TOTAL - (USED + AVAILABLE) = DIFFERENZ

also knapp 18,5 GB Festplatte, die einfach nicht da ist. Ich bins ja gewohnt, dass solche Angaben meistens etwas auseinander gehen bzw. nicht ganz stimmen - aber 18,5GB !!!!

das ist mir dann doch zu viel des guten.

Weiß jemand, woran das liegen könnte?

ich weiß nichtmal, wo man ansetzen könnte. Wie soll man etwas finden, was nicht da ist   :Confused: 

Vielen Dank schonmal für eure Antwort =)

die 18,5 GB bräucht ich nämlich für die geplante Anwendung des PCs (eben als HTPC bzw. NAS) doch recht dringend  :Smile: 

Aber wo sind sie hin?

----------

## a.forlorn

Journal für ext3. Wie MFT für NTFS.

PS: macht sich auch ganz gut mindestens /home auf eine extra Partition zu legen, besonders bei backups oder Neuinstallationen.

----------

## WiredEd

Du solltest auch berücksichtigen, dass beim Erstellen des Dateisystems 5% für root reserviert werden, die da natürlich bei einer so grossen Partition schon ein mächtiges Pfund darstellen.

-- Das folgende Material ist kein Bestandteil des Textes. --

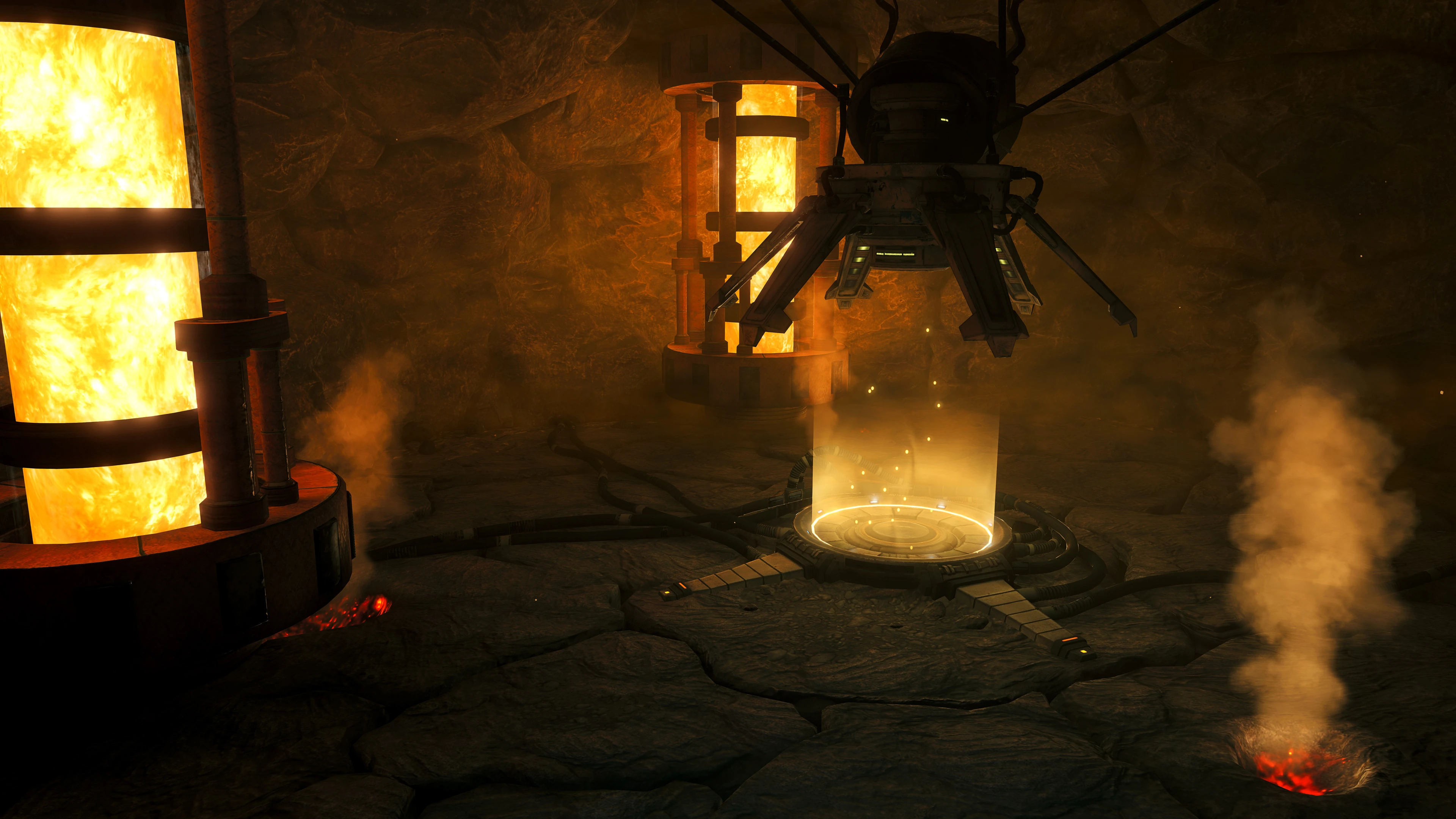Save Station Magmoor B is a Save Station room in the Magmoor Caverns on Tallon IV. It appears in Metroid Prime. It is a small, rocky cave with a few harmless steam vents, lava visible through cracks in the floor, and two lava pumps on the left side of the room. Standing in the steam vents will fog up the Combat Visor.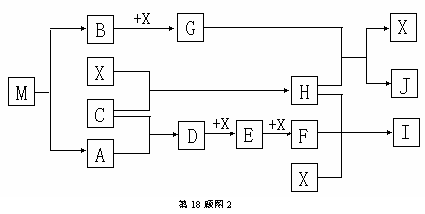 35.4%,M在汽车安全气囊中有重要的作用。常温下G为淡黄色固体。H为一种常见的液体,A、B、C、X为单质,其中A、C、X为气体,A、X均为空气中成分。I、J为常见的工业原料。有关物质间的转化关系如下图所示。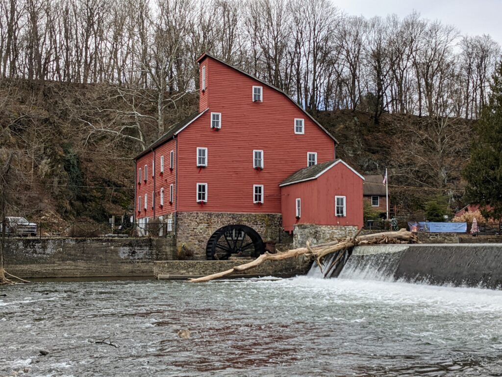 Any type of mill with machinery operated by water power; typically rotary power is supplied by a water wheel; related structures may include mill pond, mill race. (Bucher, 1996) Photo from Red Mill, Clinton, New Jersey, 2021.

Bei mir habe ich das bei reinen Daten-Partitionen ganz abgeschaltet, und bei der / Partition auf einen Prozentsatz gesenkt, der etwa 2GB entspricht.

----------

## blice

Gib doch mal die ausgabe von "df -h"  da gibt der in G an.

1G=1024M=1048576K

Bei deinem Available ergibt das ~ 343 GB

+ swap (?? wozu 2GB! ) ~345 GB

Hersteller :400GB != USER:400GB

               400x1000MB(400.000) != 400x1024MB(409.600)

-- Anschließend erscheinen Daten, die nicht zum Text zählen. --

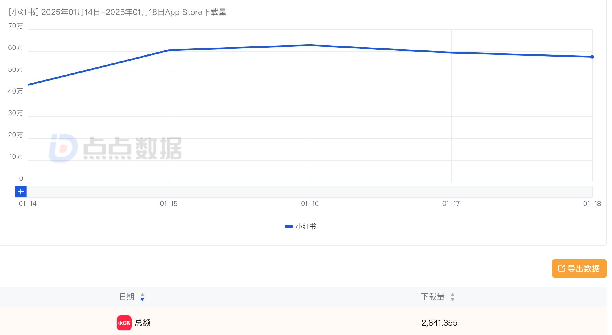 值得注意的是,尽管海外用户涌入小红书的数量庞大,但实际新增用户量级并未如外界所设想的那样惊人。据点点数据监测显示,在登顶美区应用商店的前五天时间里,小红书在海外市场上吸纳的苹果新用户约为284.14万。这一数字对于拥有超过1亿日活、3亿月活的小红书而言,并不算太大。然而,真正让小红书获益最大的,或许是它在舆论场上的声量。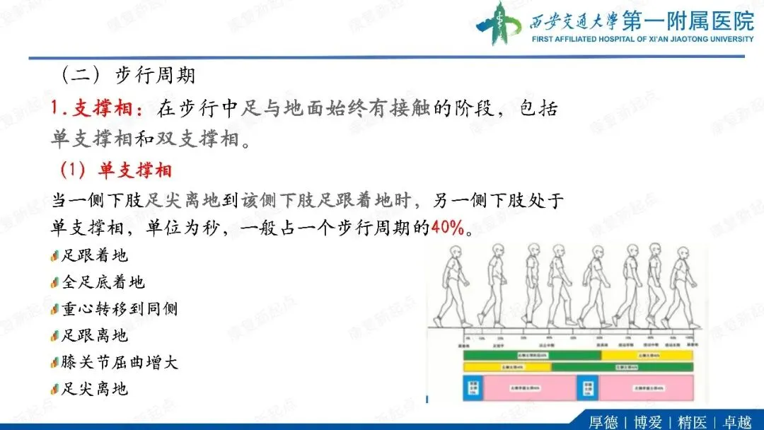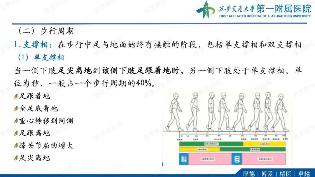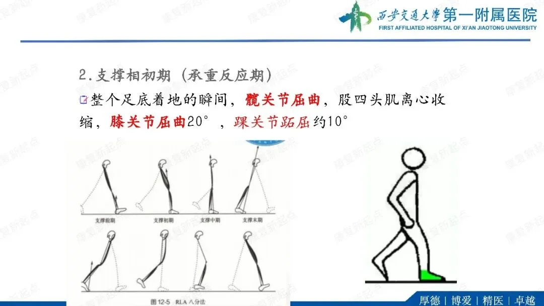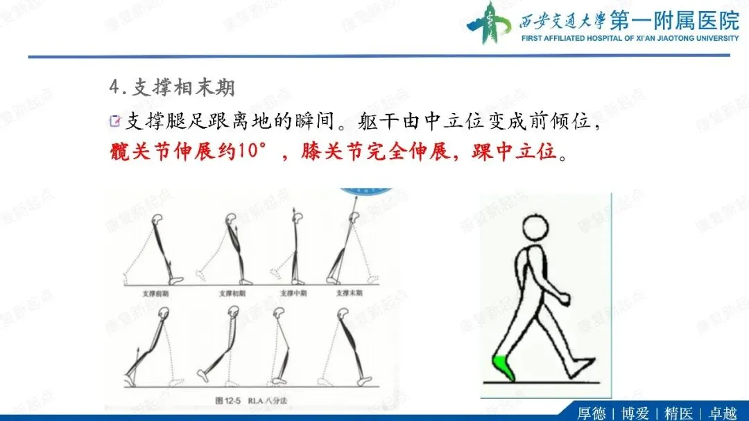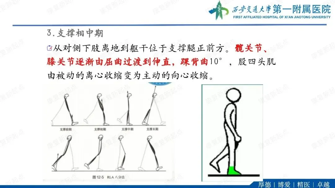 ·代偿反应。在单支撑期,躯干和骨盆向髋外展肌无力侧倾斜(B)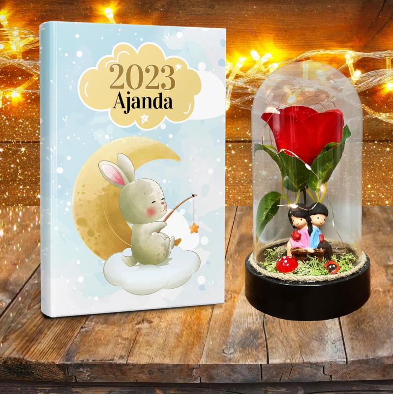 Kırmızı Gül ve Sevgililer Teraryum Hediye Seti - Ay Tavşanı Dünya Klasiği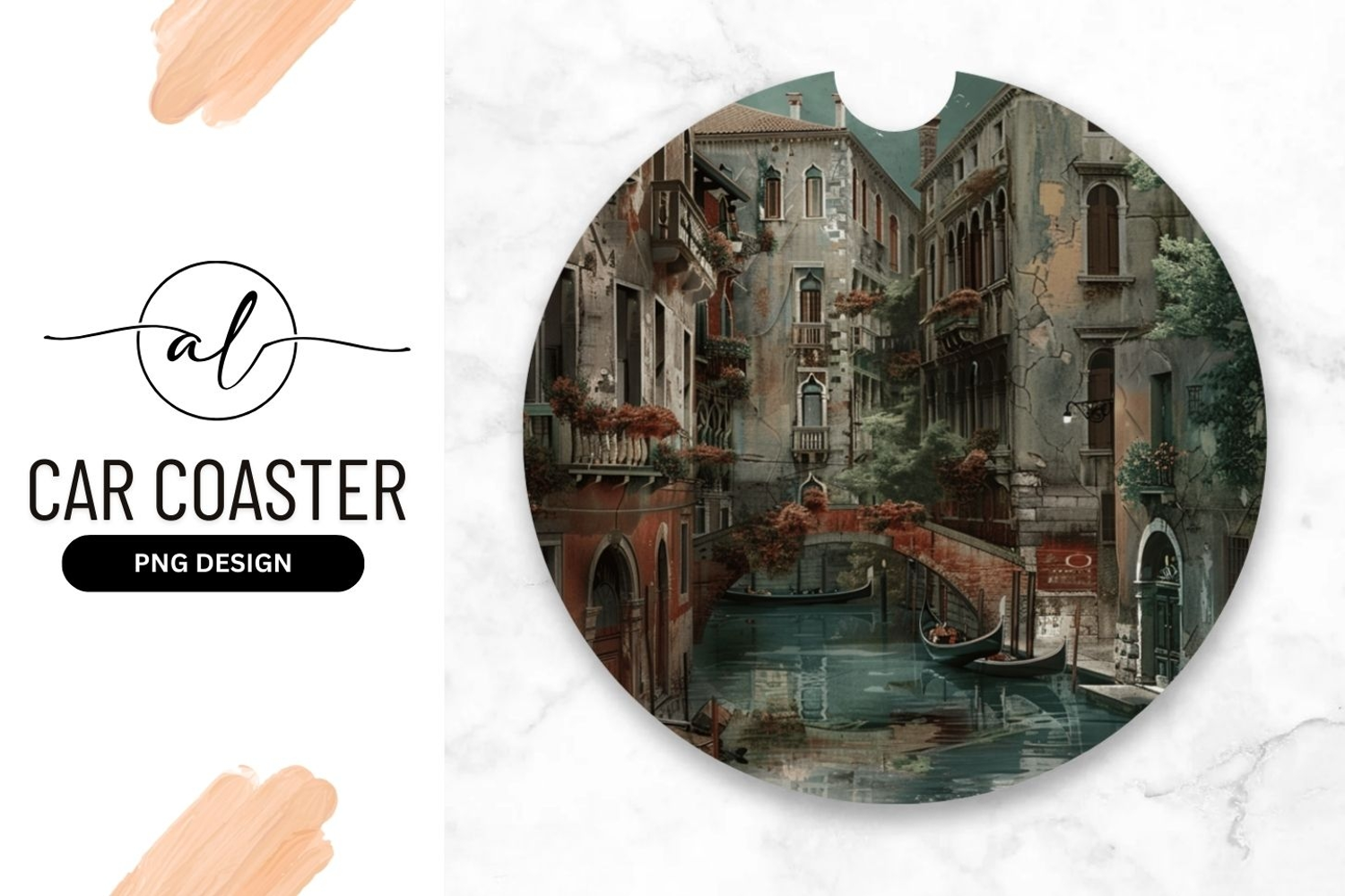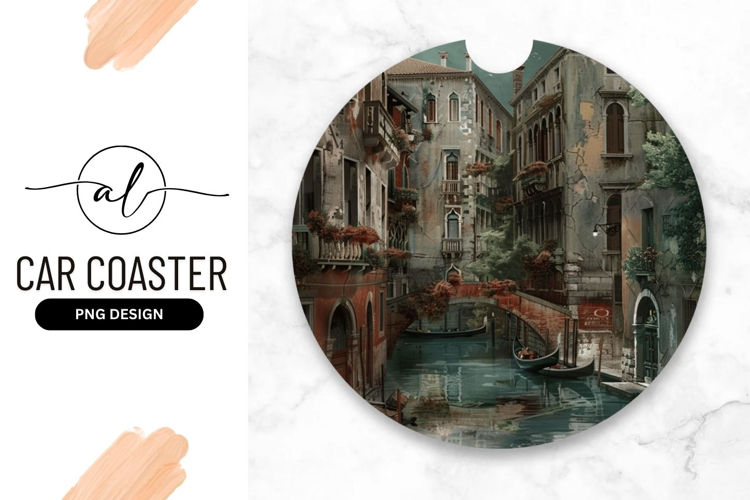 Venetian canal scene round car coaster png design example image 1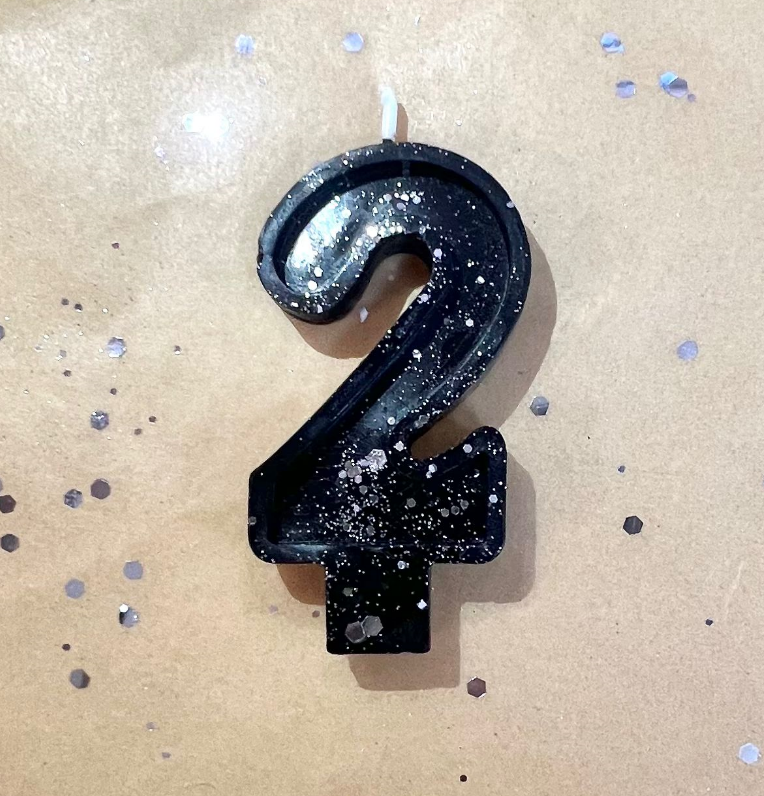 Свеча для торта восковая "Гламур", "Цифра 2" черная с серебром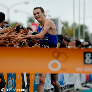 Lisbon, Portugal, May 10: Frederic Belaubre won the 2008 European Triathlon Championships and thus earned his 3rd European title in 4 years. Vanessa Fernandes was victorious in the women’s race and now has won a record 5 titles, and that is not even counting her U23 and Junior crowns.

Wenn man jetzt noch bedenkt daß Gentoo/Linux bei ext3 rund 10% als sicherheitspuffer verwendet (also ca. 40G) passt die Zahl bei Available schon.

Die Platte ist zwar größer (fdisk -l /dev/sda) aber Gentoo nutzt nur rund 90%

Ich hoffe ich konnte helfen.

ps: wegen der ~10% reserve gabs irgendwo mal einen tweak hier im forum..

Edit: oha 3 antworten innerhalb weniger sekunden  :Smile: 

----------

## SecondFirst

 *a.forlorn wrote:*   

> Journal für ext3. Wie MFT für NTFS.
> 
> PS: macht sich auch ganz gut mindestens /home auf eine extra Partition zu legen, besonders bei backups oder Neuinstallationen.

 

verbraucht das Journal so viel?

ach das mit /home auf ne Extra Partition hab ich überlegt, aber verworfen weil ich eine Dateistruktur vorgesehen hatte, die sich aber inzwischen wiederum geändert hab   :Very Happy: 

inzwischen würde sichs vllt sogar lohnen (FTP Server liegt auf home statt auf /var/ftp, Websiten liegen auch auf /home, das war eigentlich so nicht vorgesehen, hat sich aber so ergeben   :Wink: )

kann man die Partition noch nachträglich ohne Gefahr anlegen?

und noch die Frage (mangels Erfahrung): wie groß wird denn / ohne /home so werden?

ich weiß, kann mir keiner genau sagen, aber ich hab auch keine Ahnung, welche Partitionsgröße man annehmen könnte

Edit: so, ich muss euch jetzt der Reihe nach abarbeiten

vielen Dank für Eure Antworten erstmal   :Very Happy: 

1. Wo kann man denn den root reserve ändern - ich hatte davon auch schon gelesen, aber nirgends gefunden wo man das ändern kann

2.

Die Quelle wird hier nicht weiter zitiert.